News Brief:
No More Secret 'Black Box' Pathology Edits
Published on Tue Feb 01, 2000
The Health Care Financing Administration (HCFA) wants to make all claim edits used by Medicare contractors available to the public in the future.
The federal agencys existing commercial contract includes confidential edits that can confound physicians and coders, resulting in rejected claims and expensive, time-consuming appeals. But as the contract nears its expiration on Oct. 1, 2000, We will seek out contracts that do not contain these [confidentiality] restrictions, says HCFA administrator Nancy-Ann Min DeParle.

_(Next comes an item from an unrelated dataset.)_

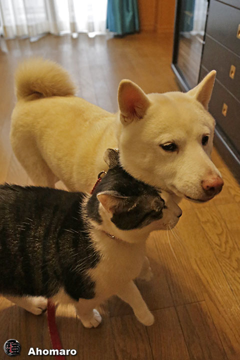 待ってたよ。 北海道犬ナナちゃんと野良猫ヒロちゃんの早朝物語か・・・。

The medical communitys dilemma over proprietary edits has its roots in an October 1998 decision by HCFA to implement a commercial data-processing product for Medicare claims that contained 241 black box or proprietary edits, licensed from HBOC/McKesson (producers of ClaimCheck code edit software). HCFA is authorized to use the edits, according to DeParle. However, HCFA does not own the edits and is therefore unable to authorize the release of the edits to the AMA [American Medical Association], general public or Medicare provider community without confidentiality or non-disclosure parameters, she says. In short, the pathology community has been expected to comply with these rules to avoid claim denials, even though they cannot access them.
Secret Codes
Laboratories in particular have been plagued by claim denials based on what appears to be one of these black box edits. Evidently, the HBOC software uses an edit that denies claims reporting code 88300 (surgical pathology, gross examination only) with any of the other surgical pathology codes for gross and microscopic examination (88302-88309), states Ron L. Nelson, PA-C, president of Health Services Associates, a practice management and compliance firm located in Fremont, Mich.
Because these codes are not subject to a published edit from HCFAs Correct Coding Initiative (CCI), it is assumed that the HBOC software is the source of the denials. Apparently the edit presumes that the two codes refer to the same specimen, says Nelson. This is problematic for labs, which often conduct a gross examination of one specimen, and a gross and microscopic examination of another specimen from the same patient on the same day. These do not always get reimbursed as separate procedures, claims Nelson.
Tips for Pathologists Left Holding the Bag
This leaves pathologists and coders on their own to determine how to handle the problem. For claims with both 88300 and one of the 88302-88309 codes, some practices have decided to submit only the higher code at this time, says Nelson. Other practices are holding entire claims in hopes of a future solution, although this is clearly impractical if such claims are a common occurrence, he adds.